In the listing below, locate the line that contains "Miniaturowe kwiaty, meble, poduszki" and the line that contains "この日、ピンクのラブリーなド". Restate word for word those two lines and every line between them, and nothing else.
AVAILABLE DATA below:
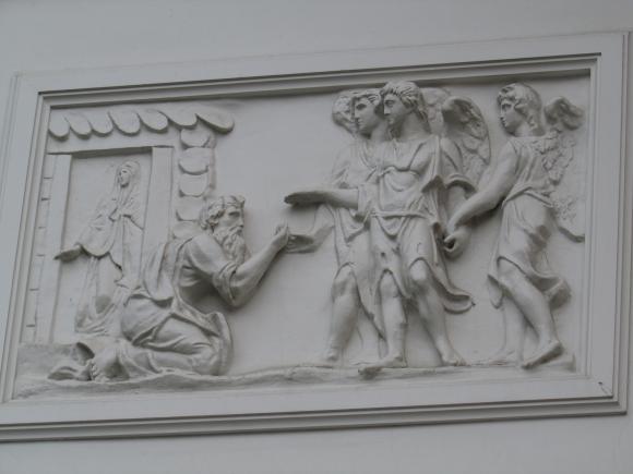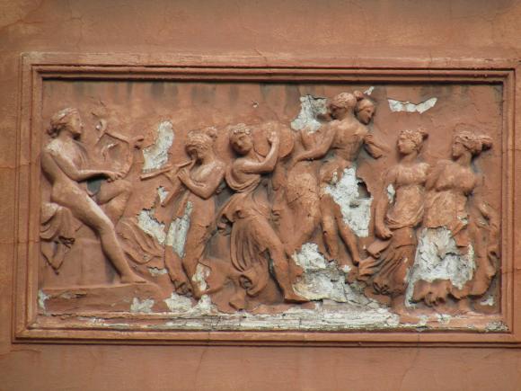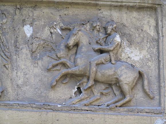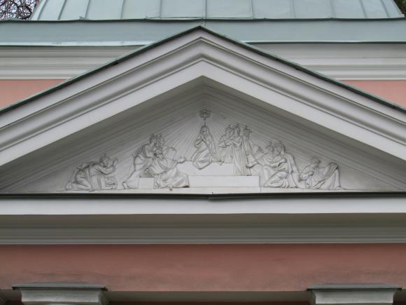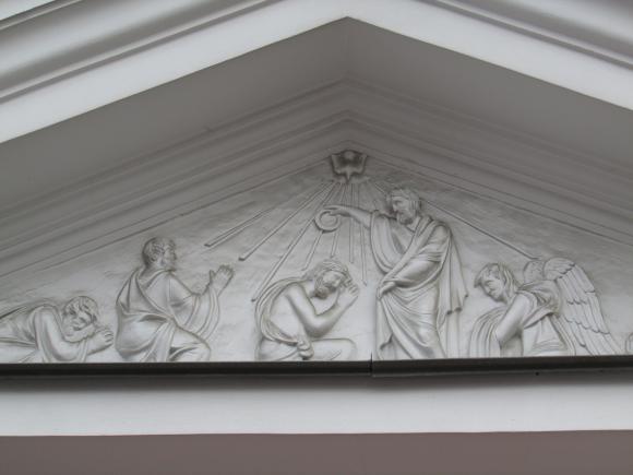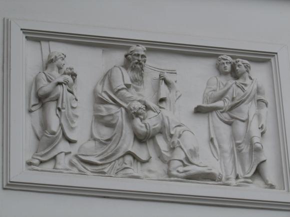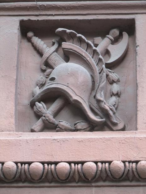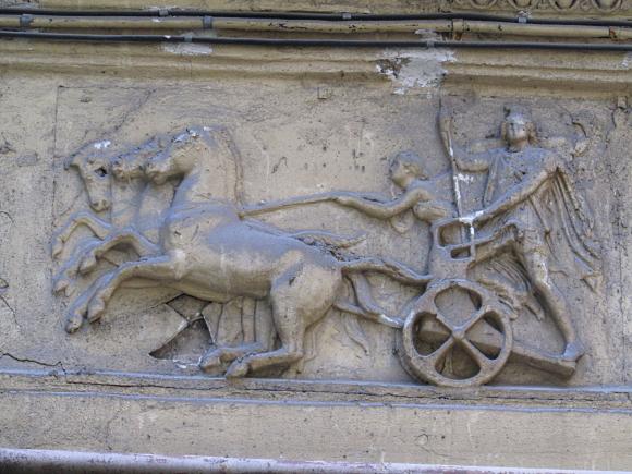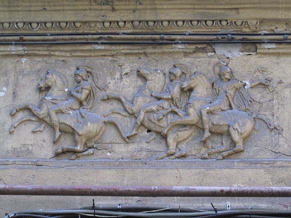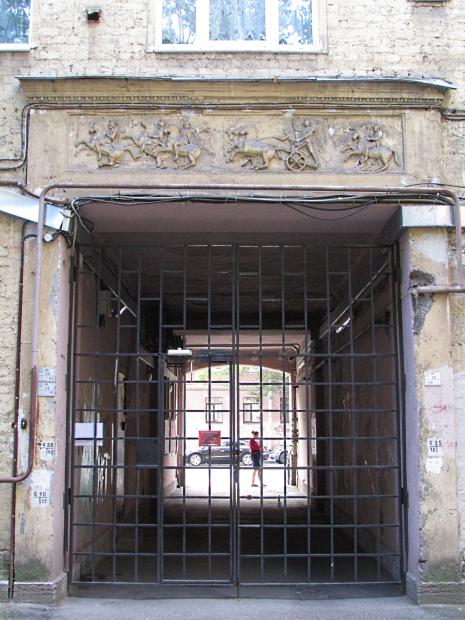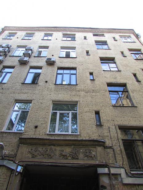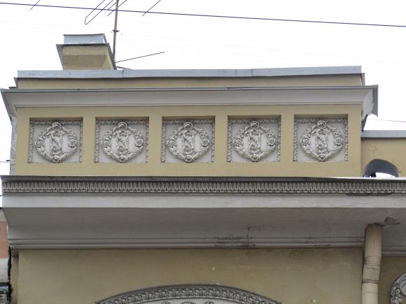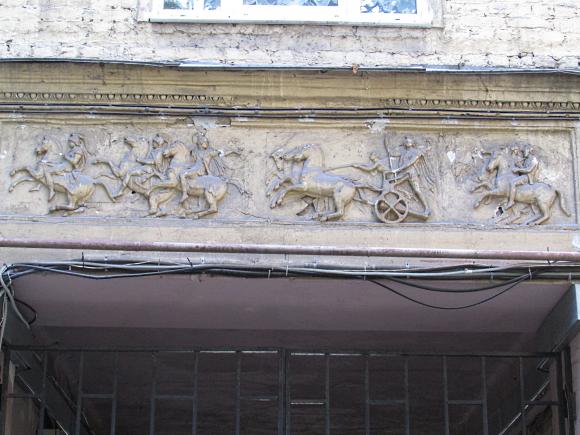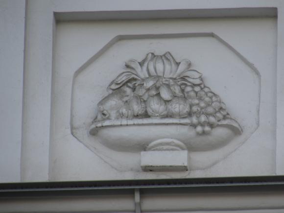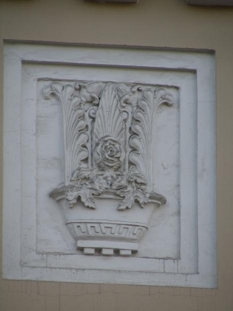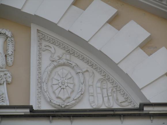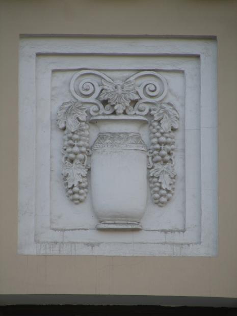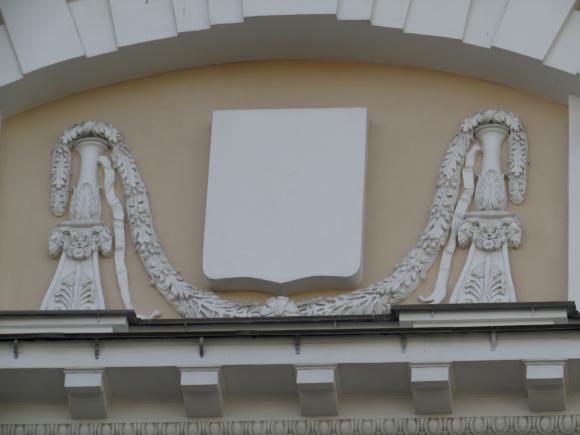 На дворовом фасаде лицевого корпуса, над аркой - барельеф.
End of AVAILABLE DATA.
AVAILABLE DATA below:
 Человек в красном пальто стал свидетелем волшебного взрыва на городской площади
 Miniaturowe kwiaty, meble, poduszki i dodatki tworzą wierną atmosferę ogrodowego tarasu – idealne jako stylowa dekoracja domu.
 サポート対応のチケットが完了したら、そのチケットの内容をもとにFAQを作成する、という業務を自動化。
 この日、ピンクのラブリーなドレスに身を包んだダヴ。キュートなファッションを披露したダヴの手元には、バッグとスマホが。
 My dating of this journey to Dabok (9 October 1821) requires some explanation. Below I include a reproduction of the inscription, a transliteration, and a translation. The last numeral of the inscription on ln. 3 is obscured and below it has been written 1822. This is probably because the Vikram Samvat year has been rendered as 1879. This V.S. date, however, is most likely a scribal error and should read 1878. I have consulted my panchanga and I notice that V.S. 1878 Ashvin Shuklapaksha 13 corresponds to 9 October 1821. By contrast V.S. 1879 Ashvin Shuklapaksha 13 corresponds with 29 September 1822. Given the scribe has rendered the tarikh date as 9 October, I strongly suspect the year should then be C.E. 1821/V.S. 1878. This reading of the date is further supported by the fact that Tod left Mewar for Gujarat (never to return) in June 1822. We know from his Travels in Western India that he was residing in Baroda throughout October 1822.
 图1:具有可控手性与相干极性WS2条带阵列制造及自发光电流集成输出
End of AVAILABLE DATA.
• WRITTEN RESPONSE:
 Miniaturowe kwiaty, meble, poduszki i dodatki tworzą wierną atmosferę ogrodowego tarasu – idealne jako stylowa dekoracja domu.
 サポート対応のチケットが完了したら、そのチケットの内容をもとにFAQを作成する、という業務を自動化。
 この日、ピンクのラブリーなドレスに身を包んだダヴ。キュートなファッションを披露したダヴの手元には、バッグとスマホが。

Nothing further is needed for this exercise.